On a traditional exchange, liquidity comes from market makers who post bids and asks on an order book. On-chain, that model is impractical – gas costs and block times make continuous order management expensive. Liquidity pools solve this by letting anyone deposit tokens into a contract that automatically quotes prices using a formula like the constant product. Traders swap against the pool’s reserves; liquidity providers (LPs) earn a share of the fees.
Anatomy of a pool#
A typical two-token pool (e.g., ETH/USDC) has:
- Reserves – the token balances the contract holds. The ratio of reserves determines the current price.
- Pricing invariant – a formula constraining how reserves change on each trade. For a constant-product pool:
reserve_a * reserve_b = k. - Fee – a percentage (commonly 0.3%) charged on each swap and added to the reserves, growing the pool over time.

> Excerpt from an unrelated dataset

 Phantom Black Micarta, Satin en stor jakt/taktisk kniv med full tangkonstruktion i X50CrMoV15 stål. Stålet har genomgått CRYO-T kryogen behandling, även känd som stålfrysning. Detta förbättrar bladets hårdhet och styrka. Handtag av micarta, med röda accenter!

- LP tokens – ERC-20 tokens minted to depositors, representing a pro-rata claim on the pool’s reserves and accumulated fees.
Providing liquidity#
To become an LP, you deposit tokens into the pool’s smart contract. In a standard constant-product pool, you deposit both tokens in the current ratio – if the pool is 50% ETH and 50% USDC by value, you supply both. The contract mints LP tokens proportional to your share of the total reserves.

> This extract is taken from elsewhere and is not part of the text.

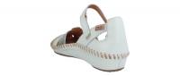 Die Sandale von Pikolinos bedeckt mit braun/goldenen Riemen die Zehen. Hinten sorgt eine Fersenkappe für einen guten Sitz und zusammen mit dem Klettriemen für festen Halt. Die Keilsohle ist angenehm zu tragen. Die komplette Lederausstattung macht den Schuh perfekt zum Barfußtragen.

When you withdraw, you burn your LP tokens and receive your share of both tokens. The amounts will differ from what you deposited because trades have shifted the reserve ratio, and fees have accumulated.
Worked example#
A pool holds 10 ETH and 25,000 USDC (ETH at $2,500). You deposit 1 ETH and 2,500 USDC, receiving LP tokens representing 10% of the pool. Over time, trading fees increase the reserves to 10.5 ETH and 26,250 USDC. Your 10% share is now worth 1.05 ETH + 2,625 USDC – the fee income.

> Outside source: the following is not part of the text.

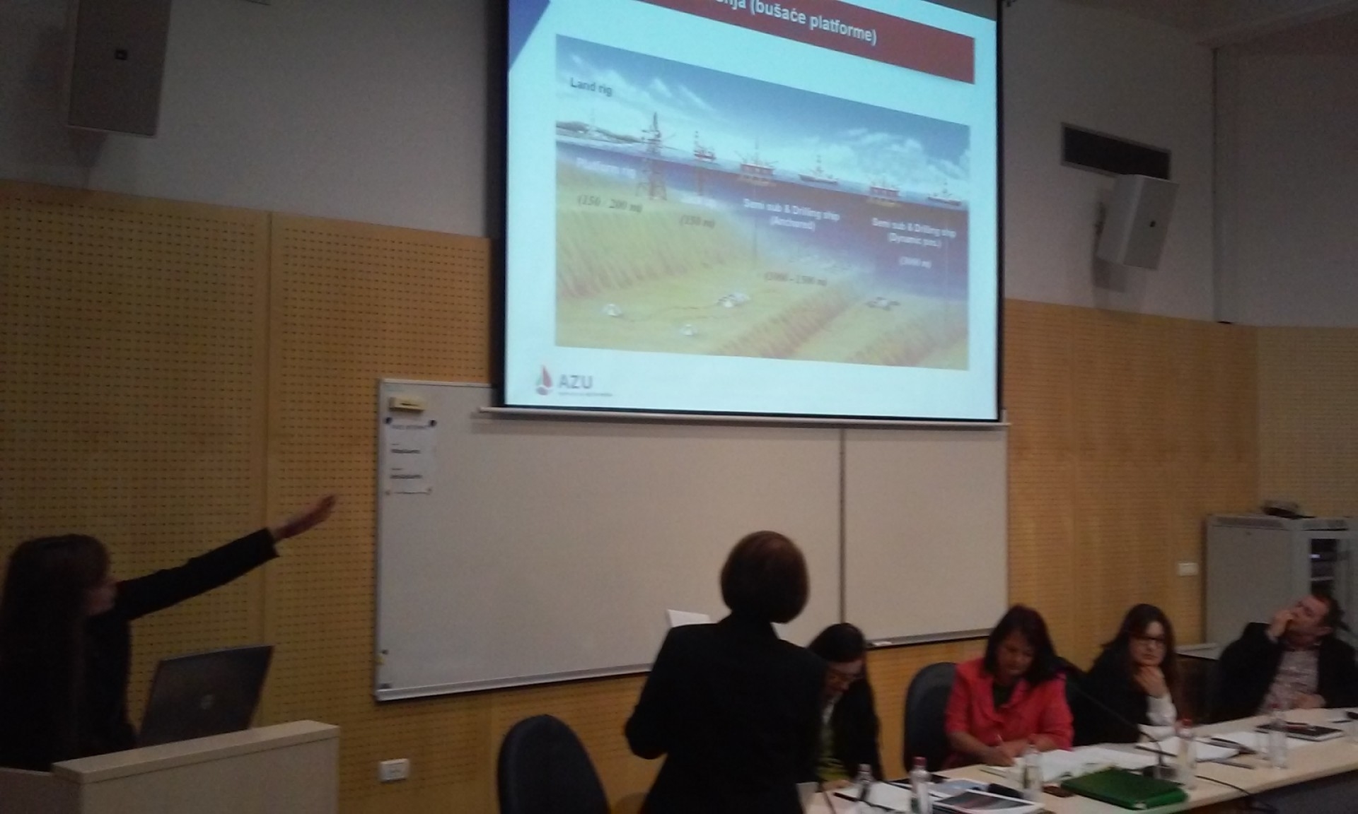 Barbara Dorić s hrvaške agencije za ogljikovodike je povedala, da tovrstne raziskave za nafto in plin na Hrvaškem potekajo že 60 let. Do leta 2013 je padla proizvodnja teh surovin za 30 – 35 %, saj ni bilo investicijskih vlaganj. Sedaj je ugotovljen neizkoriščen potencial, zato so se odločili za nova vlaganja v črpanje nafte in plina. Leta 2013 so sprejeli Zakon o raziskovanju in izkoriščanju ogljikovodikov, ki je skladen z EU direktivami in v okviru katerega so predvideli po gabaritih manjša raziskovalna področja, ki bodo dlje od obale in otokov. Od 29 polj so jih do sedaj oddali 10, in sicer na območju srednjega in južnega Jadrana. Obdobje raziskav bo potekalo 5 let in obdobje izkoriščanja 25 let. Ploščadi so lahko, odvisno od globine morja, fiksne ali pol-plavajoče. Po namenu uporabe pa vrtalne, eksploatacijske in kompresorske.

But if ETH’s price has also moved, the reserve ratio has shifted, and impermanent loss may offset some or all of the fee income.
Risks#
Impermanent loss#
The most significant risk for LPs. When the price ratio of pooled tokens changes from the ratio at deposit time, an LP ends up with less value than if they had simply held the tokens. The loss is “impermanent” only if prices revert. In practice, for volatile pairs, impermanent loss is often permanent and can exceed fee income. See impermanent loss for the mechanics and math.
Smart contract risk#
Pools are only as safe as their code. Uniswap contracts have been extensively audited and have held billions without exploit, but forks and newer protocols carry higher risk. Rug pulls – where a malicious token contract drains the pool – are a real threat for pools involving unvetted tokens.
Concentration risk#
In concentrated-liquidity pools (Uniswap V3+), LPs choose a price range. If the market price moves outside that range, the position earns zero fees and is fully converted into the less valuable token. Active management or automated position managers become necessary.
Pool types beyond constant product#
| Type | How it works | Good for |
|---|---|---|
| Constant product | x * y = k – simple, universal |
General-purpose token pairs |
| StableSwap (Curve) | Blends constant-sum and constant-product | Stablecoins, like-kind assets |
| Weighted (Balancer) | Multi-token pools with custom weights (e.g., 80/20) | Index-like exposure, reduced IL for certain weightings |
| Concentrated liquidity | LPs provide liquidity in a chosen price range | Capital-efficient trading on active pairs |
Use cases beyond trading#
Liquidity pools are the building block for much of DeFi:
- Yield farming – protocols incentivize LPs with additional token rewards on top of trading fees.
- Lending – platforms like Aave and Compound use pool-based models where depositors supply tokens that borrowers draw from.
- Synthetic assets – protocols use pools to maintain collateral backing for synthetic tokens.